Table-2 The execution time of the sample program clearbuf

sync_mode O_SYNC DMA buffer size
1MByte 5MByte 10MByte
0 Not specified 0.067[sec] 0.359[sec] 0.713[sec]
Specified 0.067[sec] 0.362[sec] 0.716[sec]
1 Not specified 0.067[sec] 0.362[sec] 0.718[sec]
Specified 0.912[sec] 4.563[sec] 9.126[sec]
2 Not specified 0.068[sec] 0.360[sec] 0.721[sec]
Specified 0.063[sec] 0.310[sec] 0.620[sec]
3 Not specified 0.068[sec] 0.361[sec] 0.715[sec]
Specified 0.062[sec] 0.310[sec] 0.620[sec]
4 Not specified 0.068[sec] 0.360[sec] 0.718[sec]
Specified 0.067[sec] 0.360[sec] 0.710[sec]
5 Not specified 0.913[sec] 4.562[sec] 9.126[sec]
Specified 0.913[sec] 4.562[sec] 9.126[sec]
6 Not specified 0.062[sec] 0.310[sec] 0.618[sec]
Specified 0.062[sec] 0.310[sec] 0.619[sec]
7 Not specified 0.062[sec] 0.310[sec] 0.620[sec]
Specified 0.062[sec] 0.310[sec] 0.621[sec]

2. Manual cache management with the CPU canche still being enabled

As explained above, by opening udmabuf without specifying the O_SYNC flag, CPU cache can be left turned on.

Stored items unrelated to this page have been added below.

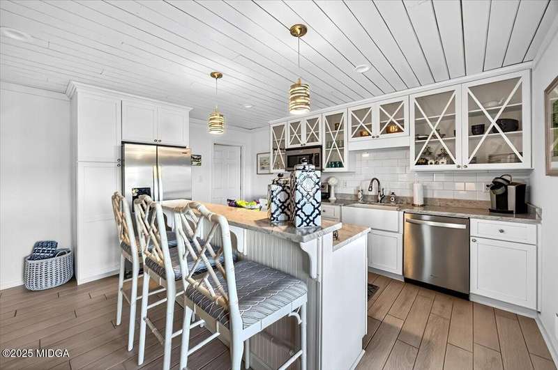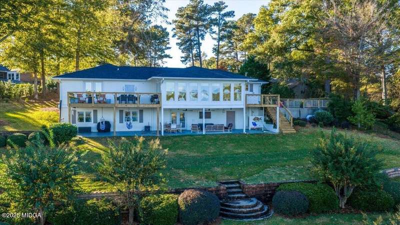 Completely updated and beautifully remodeled 5-bedroom home with an impressive big water view on Lake Tobesofkee. Sophisticated finishes and thoughtfully designed interiors blend style and comfort throughout. Enjoy outdoor living at its best with a covered patio, spacious deck, and inviting fire pit area. Deep water with a private boathouse makes this exceptional lakefront property the perfect year-round retreat just minutes from town.
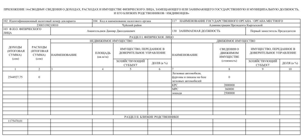 Доходы его близких родственников составили 1 миллион 175 тысяч 470 сомов.
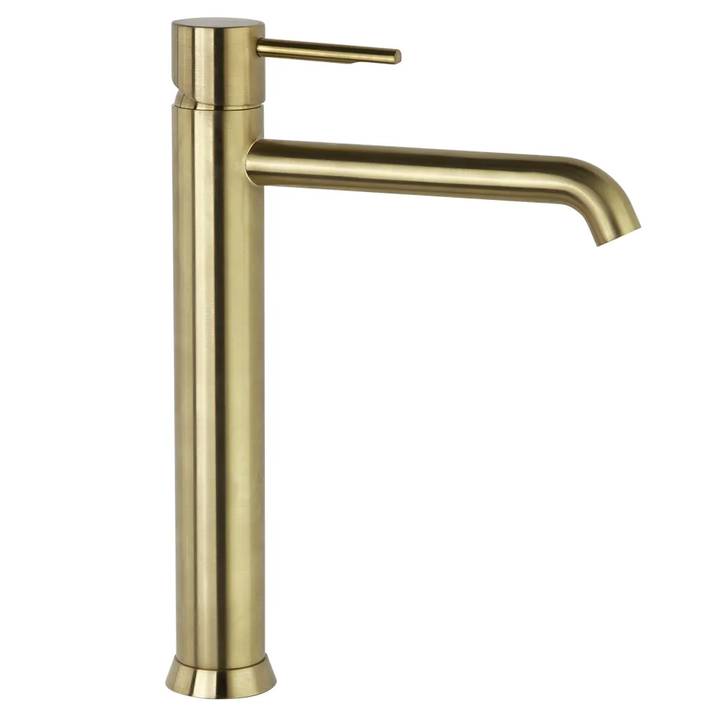 Смеситель выполнен из высококачественной латуни, что обеспечивает его долговечность. Высота составляет 293 мм, а длина излива — 180 мм, что делает его идеальным выбором для накладных раковин.
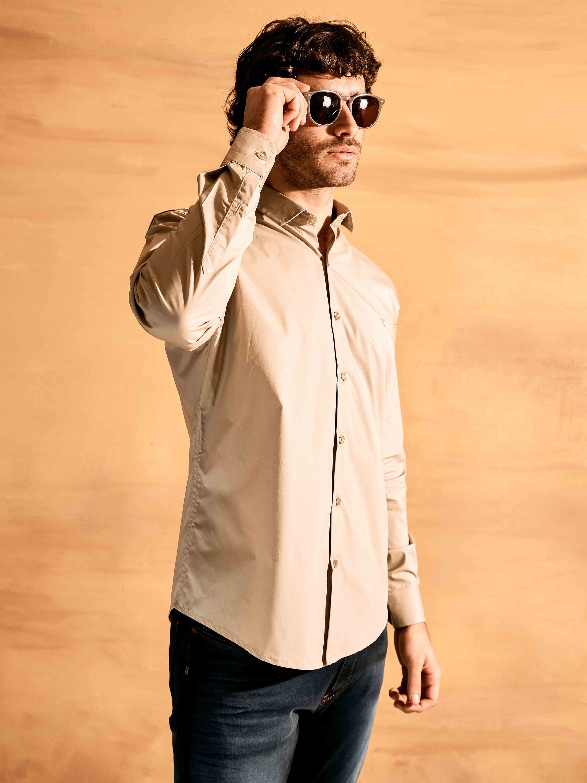 Nuestra camisa Cliff tiene infinidad de combinaciones. De cuello grande tipo italiano, en su versión de tela rasada de alta calidad 8 0/1. Es elegante, su corte regular con pinzas adapta a la silueta sin perder comodidad y su tela es liviana y satinada. Usala con jeans y bermudas denim generando contrastes de color, agregá accesorios: pañuelos, cintos, gorros, bolsos o bien lográ un look refinado con la combinación de prendas de calidad sastrera con un calce ajustado aportando aires de modernidad. La combinación de tonos neutrales genera elegancia y prolijidad.

    /* To enable CPU cache on the DMA buffer, */
    /* open udmabuf without specifying the `O_SYNC` flag. */
    if ((fd  = open("/dev/udmabuf0", O_RDWR)) != -1) {
        buf = mmap(NULL, buf_size, PROT_READ|PROT_WRITE, MAP_SHARED, fd, 0);
        /* Read/write access to the buffer */
        close(fd);
    }

To manualy manage cache coherency, users need to follow the

  1. Specify a memory area shared between CPU and accelerator via sync_offset and sync_size device files. sync_offset accepts an offset from the start address of the allocated buffer in units of bytes. The size of the shared memory area should be set to sync_size in units of bytes.
  2. Data transfer direction should be set to sync_direction. If the accelerator performs only read accesses to the memory area, sync_direction should be set to 1(=DMA_TO_DEVICE), and to 2(=DMA_FROM_DEVICE) if only write accesses.
  3. If the accelerator reads and writes data from/to the memory area, sync_direction should be set to 0(=DMA_BIDIRECTIONAL).

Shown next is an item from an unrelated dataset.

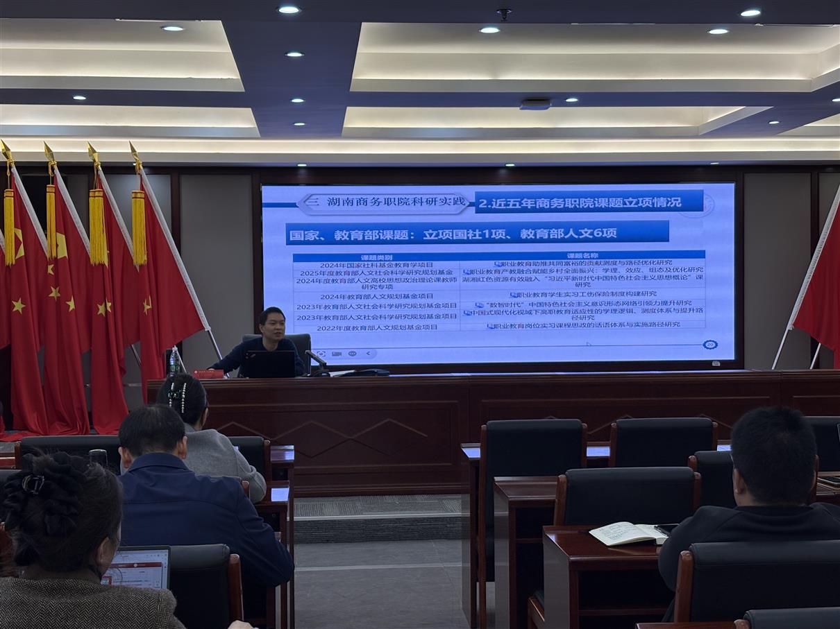 第二场讲座由湖南商务职业技术学院三级教授侯杰博士主讲,主题是《科学研究与课题申报》。侯杰博士结合自己担任科研处处长五年来在学校开展有组织科研以及建设科研团队的经验,系统阐述了高校科研的地位、类型、实践与申报策略。根据申报全国教育科学规划项目申报书活页内容着重从“什么是好的选题、选题常见问题、如何选题、课题命名”四个方面展开,提供了可借鉴的实用建议和实践路径。
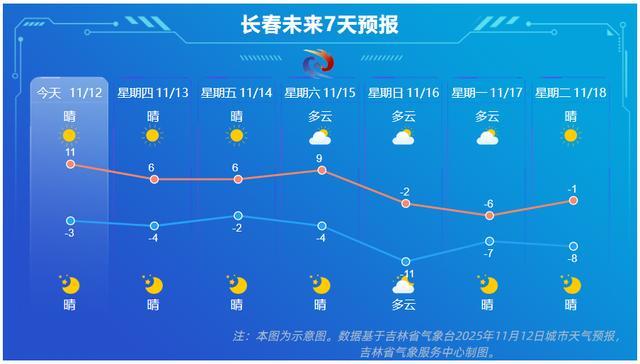 今天夜间到明天白天,最低气温:全省大部-5~-2℃,最高气温:全省大部4~8℃;长春市最低气温:-3℃,最高气温:6℃。

Following the above configuration, sync_for_cpu and/or sync_for_device should be used to set the owner of the buffer specified by the above-mentioned offset and the size.

When CPU accesses to the buffer, '1' should be written to sync_for_cpu to set CPU as the owner. Upon the write to sync_for_cpu, CPU cache is invalidated if sync_direction is 2(=DMA_FROM_DEVICE) or 0(=DMA_BIDIRECTIONAL). Once CPU is becomes the owner of the buffer, the accelerator cannot access the buffer.

On the other hand, when the accelerator needs to access the buffer, '1' should be written to sync_for_device to change owership of the buffer to the accelerator. Upon the write to sync_for_device, the CPU cache of the specified memory area is flushed using data on the main memory.